To find the distance of the short leg of the right triangle to the original triangle in the scenario you described, we can use the geometric mean.

Let's denote the lengths of the segments of the hypotenuse:

• The short segment of the hypotenuse \( a = 2 \) units.
• The long segment of the hypotenuse \( b = 30 \) units.

The drawing suggests that we have a right triangle \( \Delta ABC \) with right angle \( C \) and hypotenuse \( AB \). A perpendicular line is dropped from point \( C \) to the hypotenuse \( AB \), creating two segments of the hypotenuse, \( AD = 2 \) (the short segment) and \( DB = 30 \) (the long segment).

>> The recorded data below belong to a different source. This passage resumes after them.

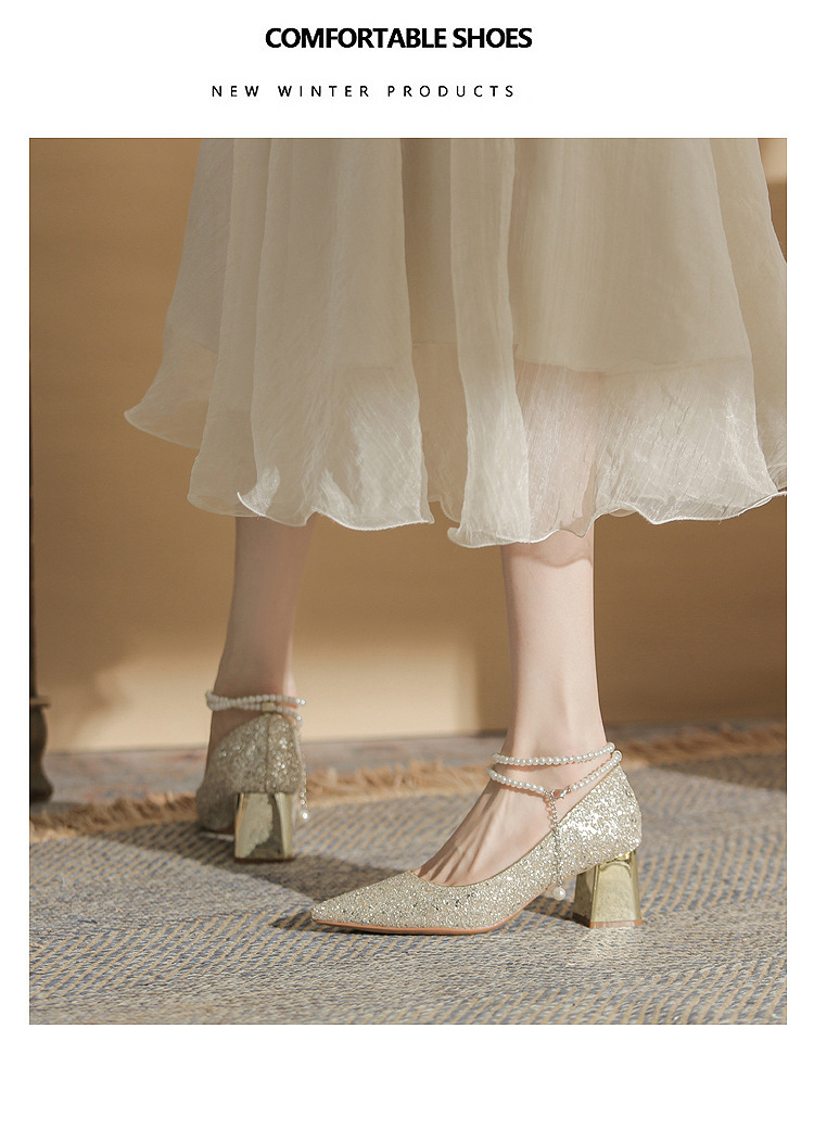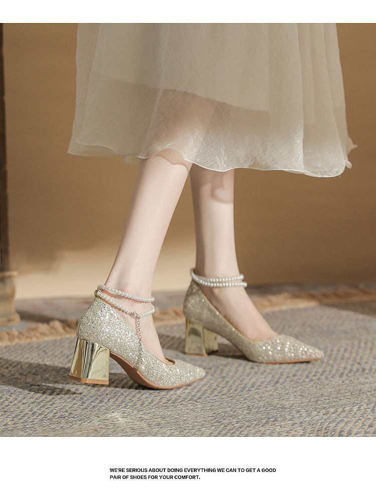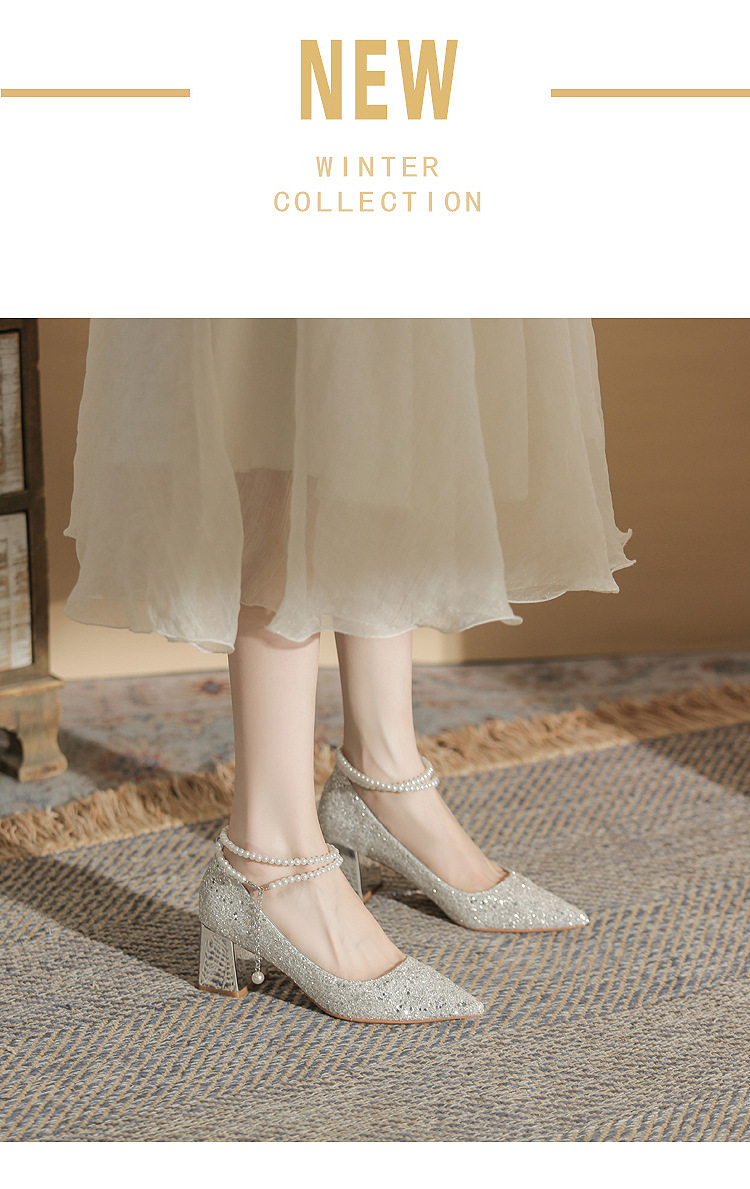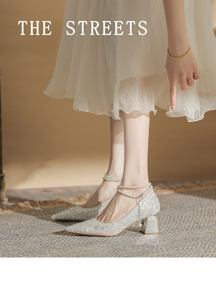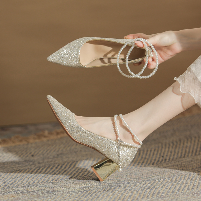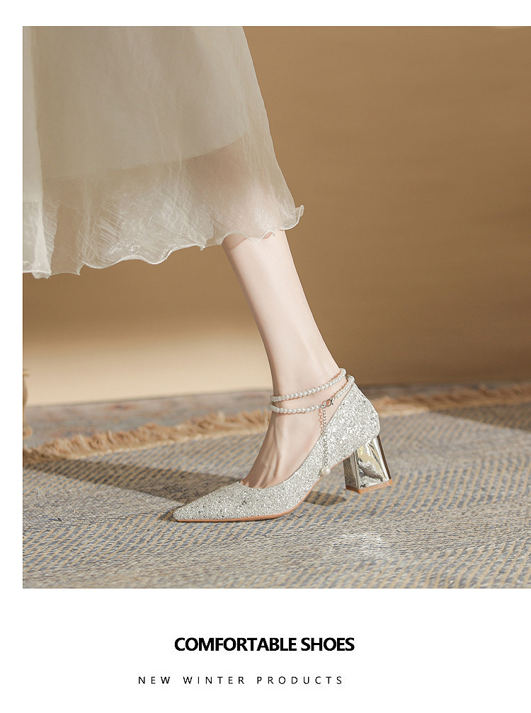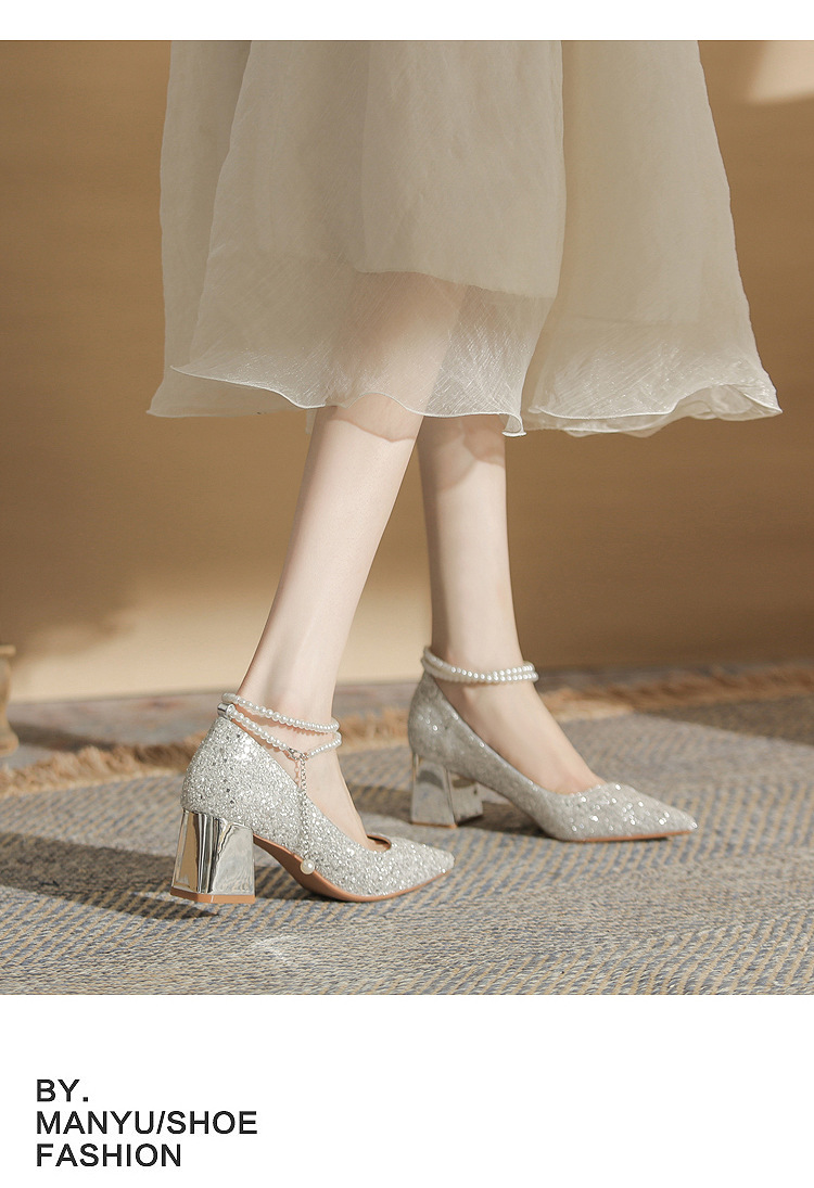 여성을위한 새로운 봄과 가을 섹시한 패션 하이힐을 2024 여성을위한 Jinqi CG6036 청키 힐 뾰족한 싱글 레이어 신발스토어 가기
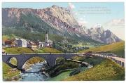 Cortina gegen Punta nera, Sorapis und Antelao mit Brücke d. neuen Dolomitenstrasse. Tirol.
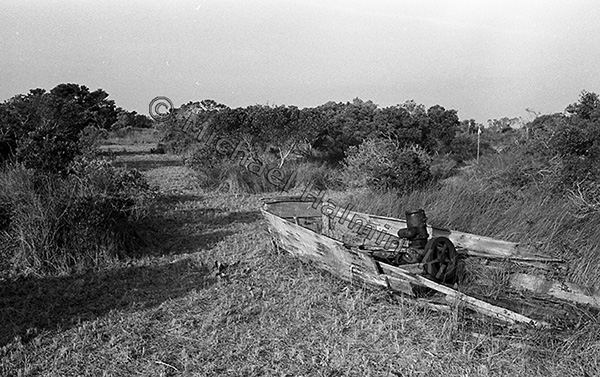 The narrow stern indicated this must have been a sail skiff converted to engine power. It was about 20 feet in length.
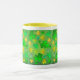 Chispas verdes alegres decoran esta atractiva taza, preparada para una taza caliente de cacao... o un café irlandés.
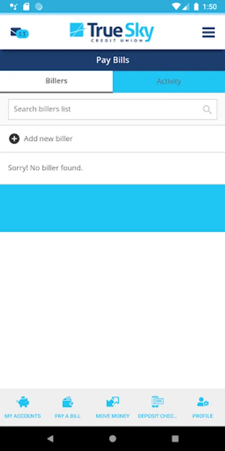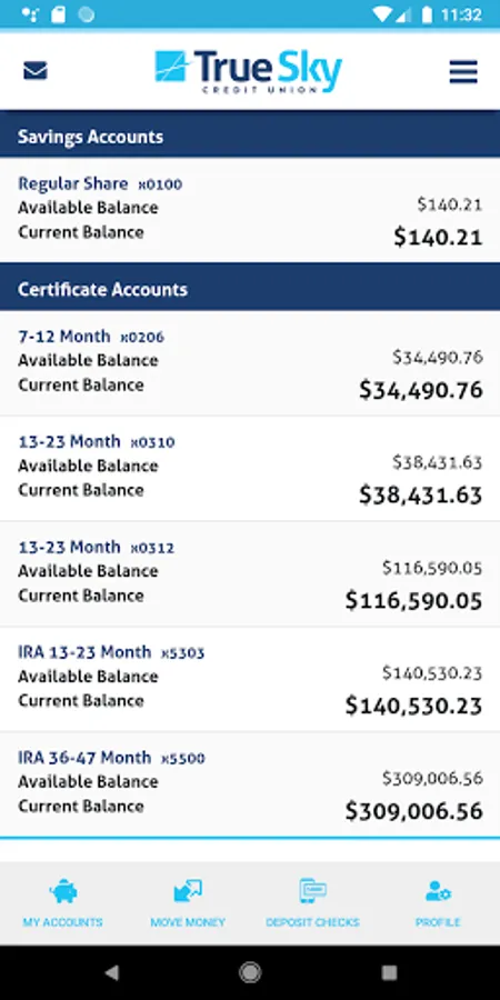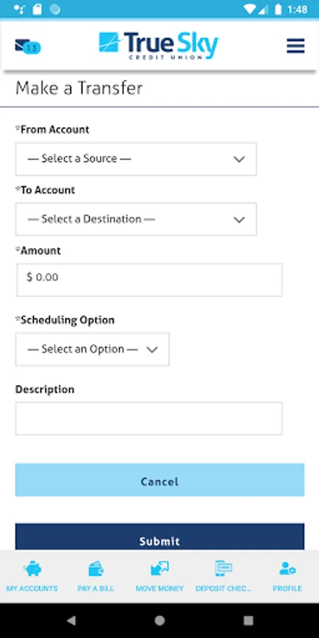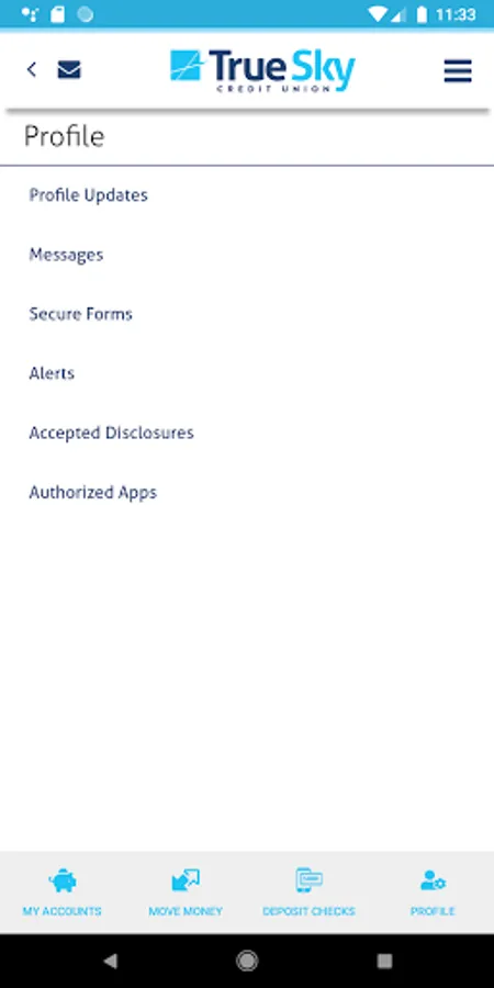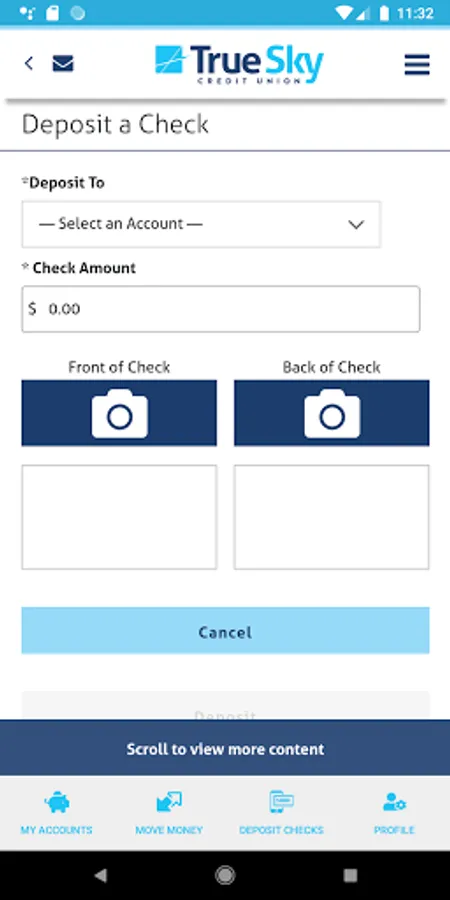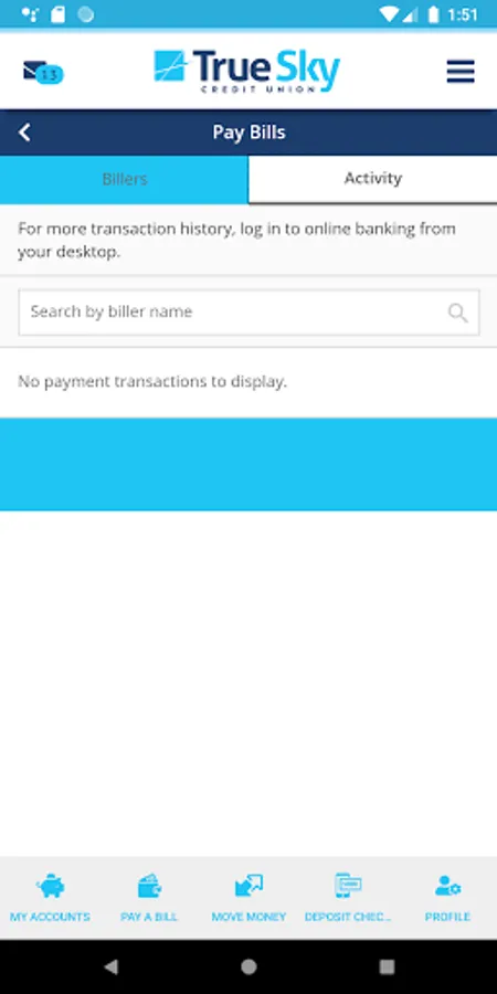 With True Sky Credit Union's new mobile app, you can view account balances, transaction history, transfer funds, pay bills, find branches, and deposit checks remotely.
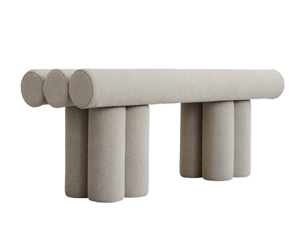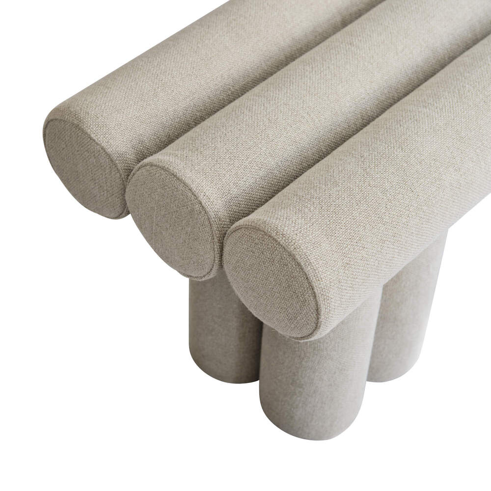 Konstrukce je tvořena čalouněnými válci, které zajišťují pohodlné sezení i stabilitu. Použitá látka Linen dodává povrchu příjemnou texturu a zároveň podporuje odolnost při každodenním používání.
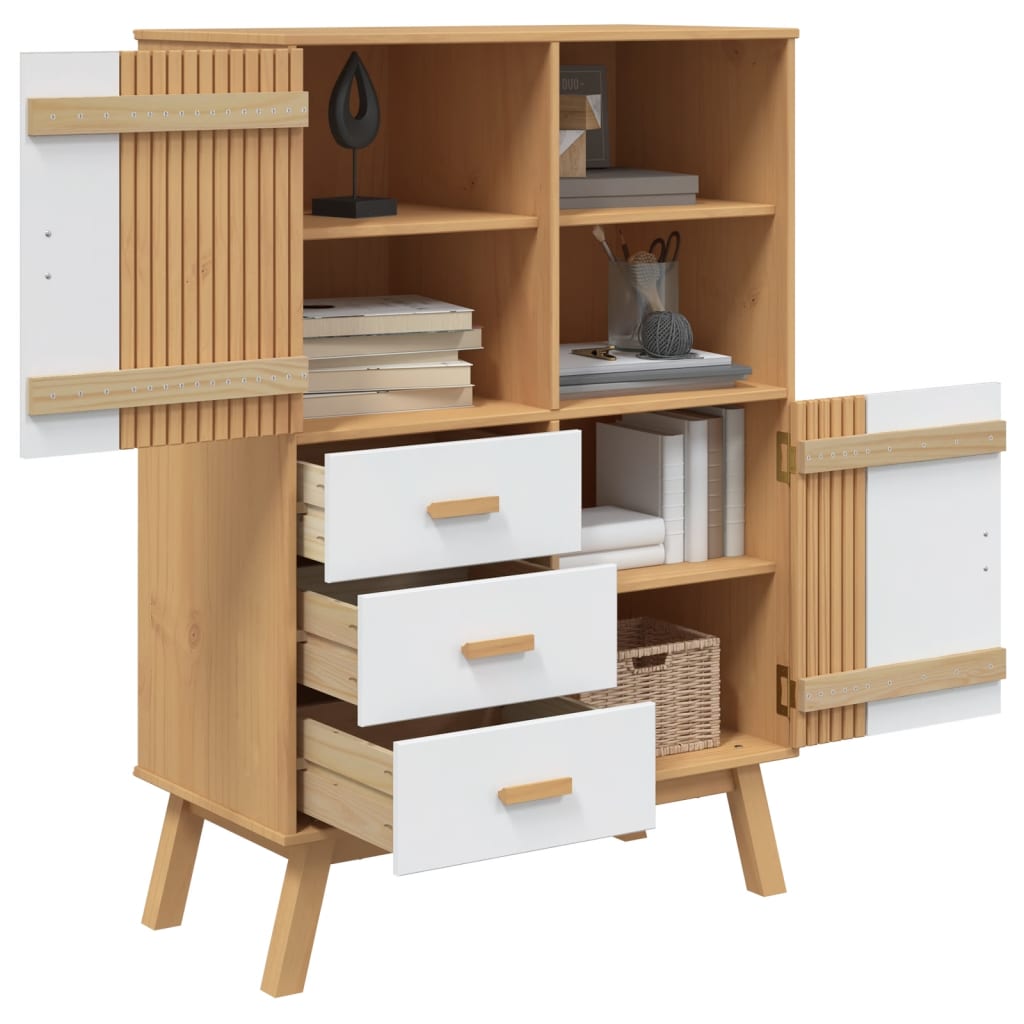 Credenza OLDEN Bianca e Marrone 85x43x125cm Legno Massello Pino 358617
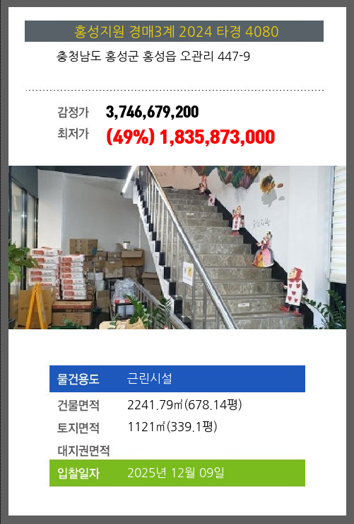 사건번호 2024 타경 4080 본건은 충청남도 홍성군 홍성읍 오관리 447-9소재하는 근린시설경매 물건의 포스팅입니다. 건물면적 [ 2241.79㎡ (678.14평) ]토지면적 [ 1121㎡ (339.1평) ] 시세를 반영한 감정가
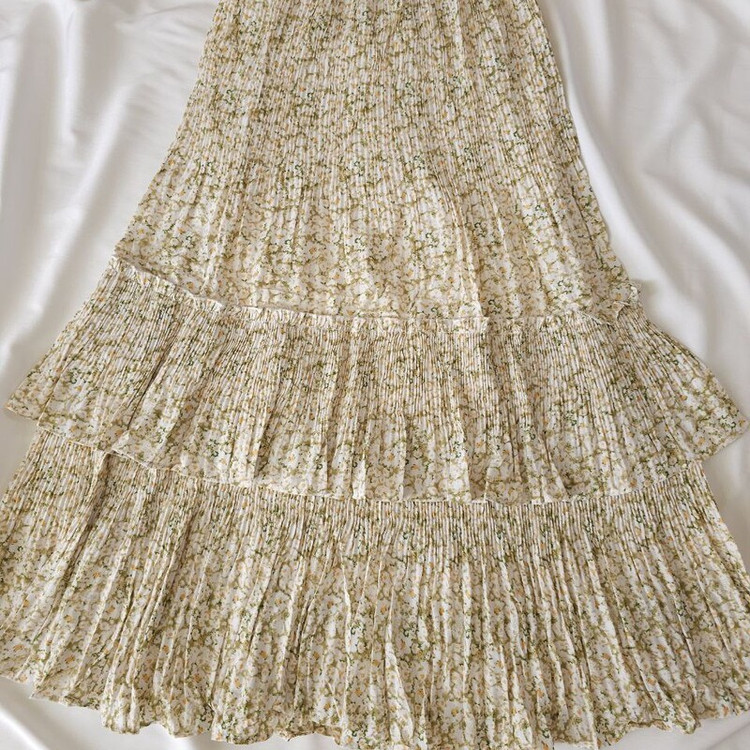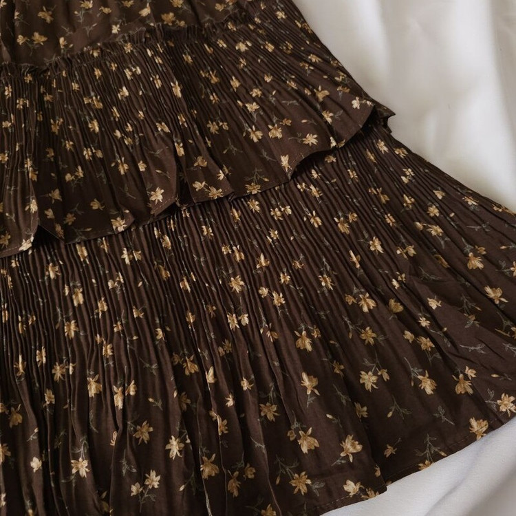 دامن حریرپلیسه استر دار خارجی زنانه قد 88 دامن10گل گلی

We can compute the length of the altitude \( CD \) from point \( C \) to hypotenuse \( AB \) using the property of the right triangle and the geometric mean:

\[ CD^2 = AD \cdot DB \]

Substituting in the known values:

\[ CD^2 = 2 \cdot 30 = 60 \]

To find \( CD \), we take the square root of both sides:

\[ CD = \sqrt{60} = \sqrt{4 \times 15} = 2\sqrt{15} \]

Now, to find the distance from the right angle \( C \) to the hypotenuse, which is represented by the length \( CD \), we conclude that:

\[ \text{Distance} = CD = 2\sqrt{15} \]

Thus, the distance from the short leg to the original triangle (the length of the altitude) is \( \approx 7.75 \) units.